Analyse: Coronavirus et libertés, la consolidation du système Avakov?

Le tout-puissant ministre de l’intérieur semble tirer son épingle du jeu, sans toutefois remettre en cause la pluralité de la scène politique ukrainienne.

Par Fabrice Deprez et Sébastien Gobert

En Europe centrale et orientale, dans le Caucase, dans les Balkans : la crise sanitaire causée par le coronavirus est parfois une aubaine pour réduire les libertés individuelles et publiques. Daleko-Blisko fait un tour d’horizon des situations les plus sensibles.

La question de l’impact de l’épidémie de coronavirus sur les libertés publiques s’est en Ukraine largement concentrée autour de la sulfureuse figure d’Arsen Avakov, puissant ministre de l’intérieur en place depuis 2014. C’est en effet lui qui, à la fin du mois de mars, s’est ouvertement prononcé en faveur d’une introduction de l’état d’urgence, déclenchant au passage une passe d’armes au sein de l’appareil d’Etat ukrainien. La société civile a observé pendant plusieurs jours et avec nervosité une personnalité considéré, grâce à son contrôle des forces de l’ordre, comme l’une des plus influentes du pays, se faire l’avocat d’une mesure qui permettrait la restriction de plusieurs libertés constitutionnelles. Le débat a, d’après le site d’information ukrainien Oukrainska Pravda, fait rage jusqu’au sommet de l’Etat, avant que le président Volodymyr Zelensky ne tranche en défaveur d’une introduction de l’état d’urgence. Le gouvernement ukrainien a annoncé le 25 mars une “situation d’urgence” à travers le pays, une mesure qui, si elle renforce les pouvoirs des autorités notamment pour réaliser des contrôles sanitaires, reste en deçà de l’état d’urgence. Mais le pays n’en est encore qu’au début de l’épidémie, avec 549 cas officiellement confirmés — un décompte certainement incomplet, moins de 3000 tests ayant été réalisés. Dans un contexte politique marqué par l’érosion de l’autorité du président, une explosion de l’épidémie pourrait très rapidement remettre sur la table la question des libertés publiques et de leurs restrictions.

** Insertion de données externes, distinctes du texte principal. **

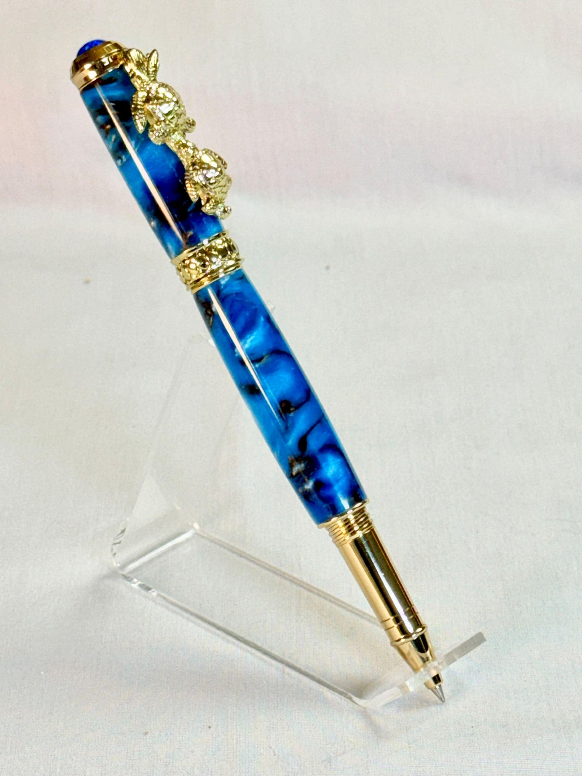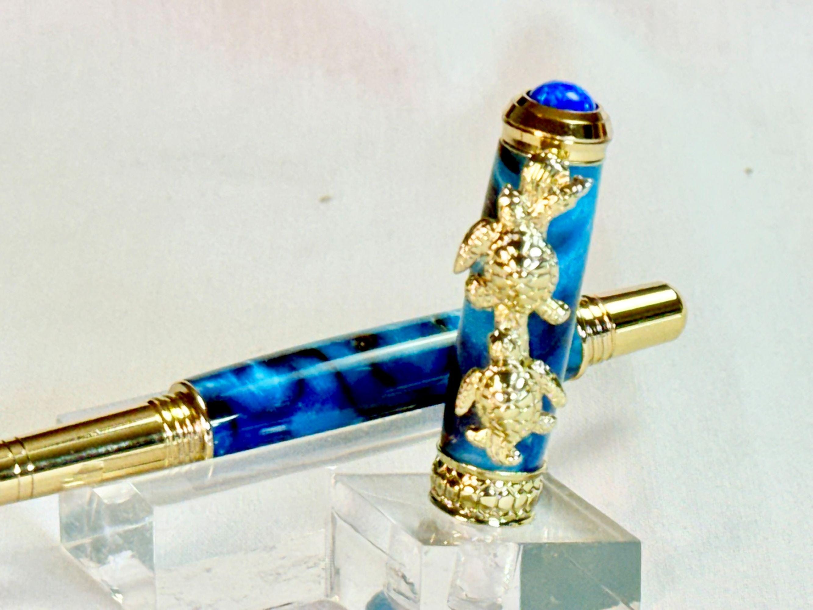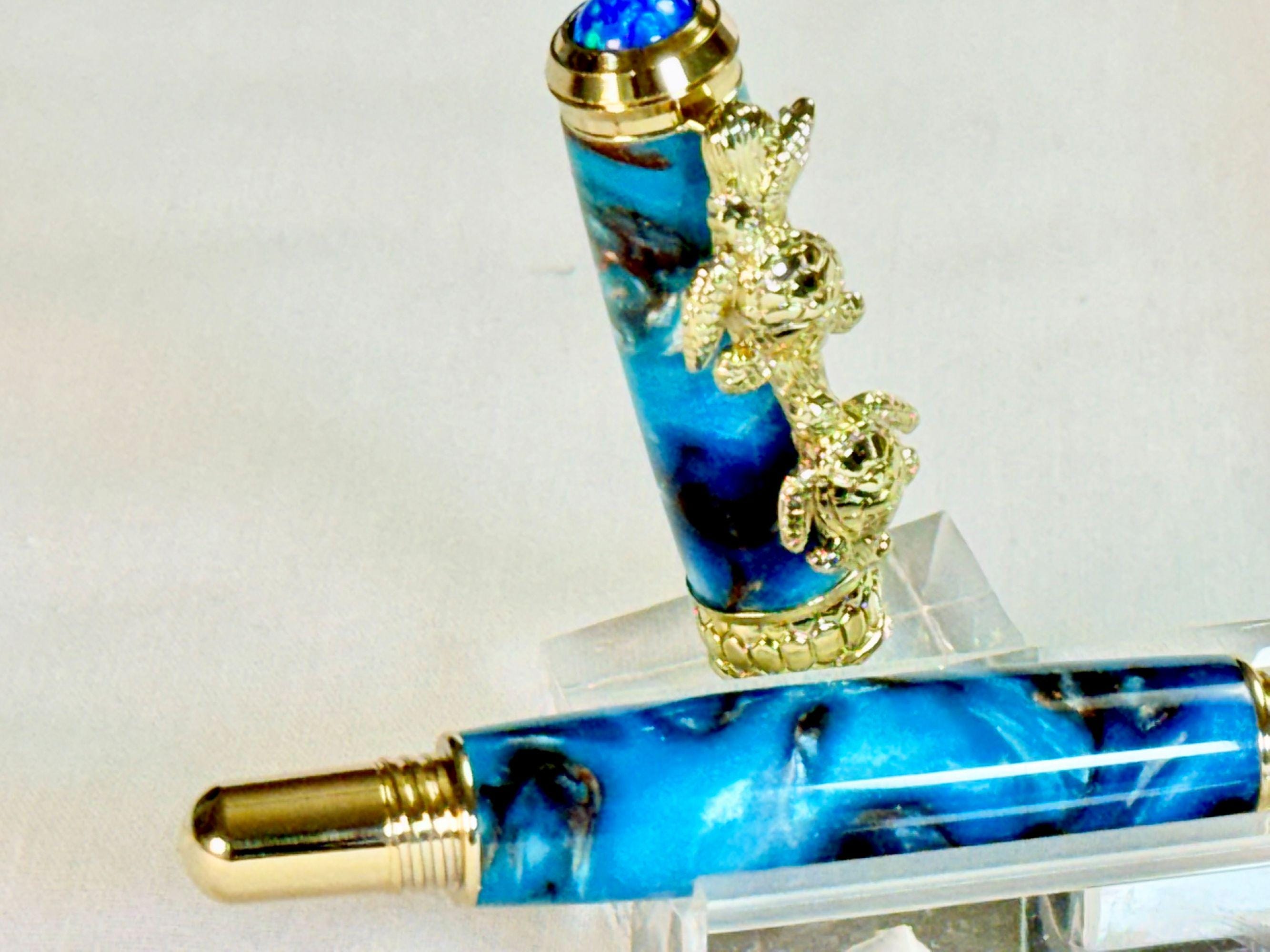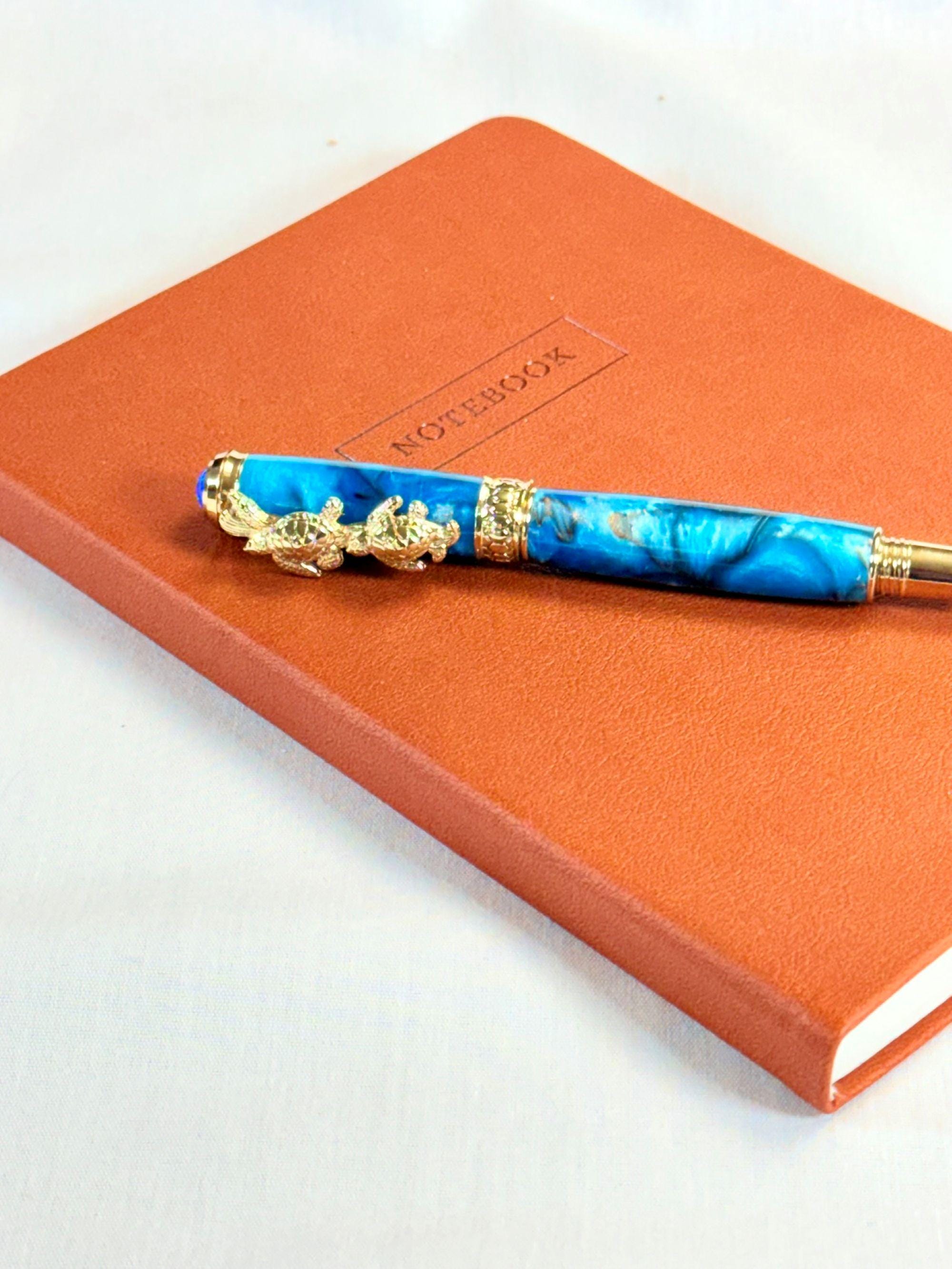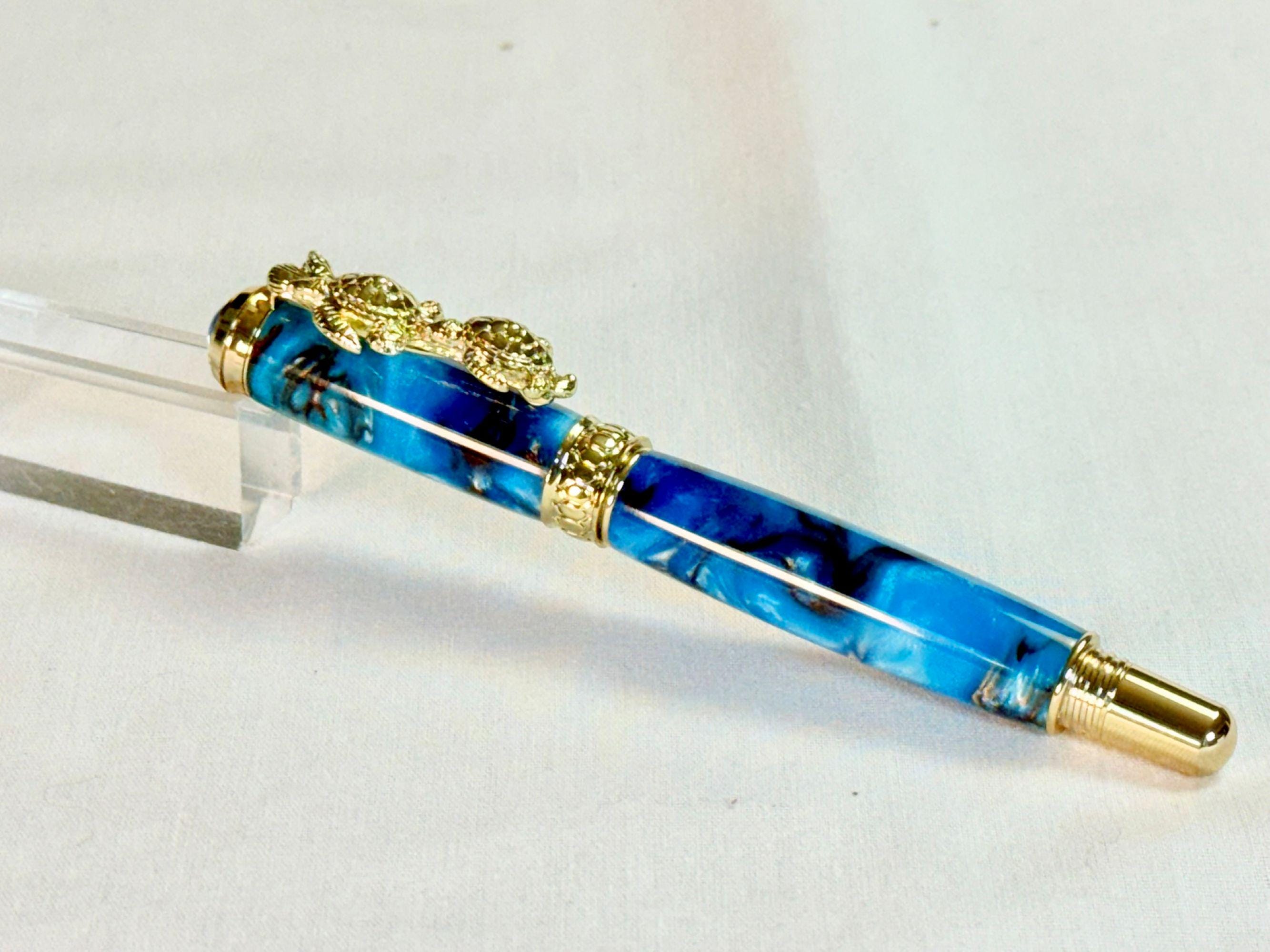 Celebrate your love of the sea with this handcrafted turtle-themed pen, finished with stunning 24k gold and a swirl of tropical ocean colors. You have the option of either a Fountain Pen, or Rollerball Pen

Dans ce contexte incertain, le sociologue et éditorialiste Oleh Pokaltchouk rappelle que l’Ukraine est traditionnellement protégée des tentations autoritaires par la pluralité de son oligarchie et de son spectre politique. De plus, les libertés fondamentales, l’indépendance de la justice et la transparence du pouvoir exécutif sont des notions plus relatives en Ukraine que dans les Etats-membres de l’Union européenne. Il note ainsi, non sans ironie: “la démocratie n’existe pas en Ukraine au sens propre du terme. Aussi rien ne peut la menacer”.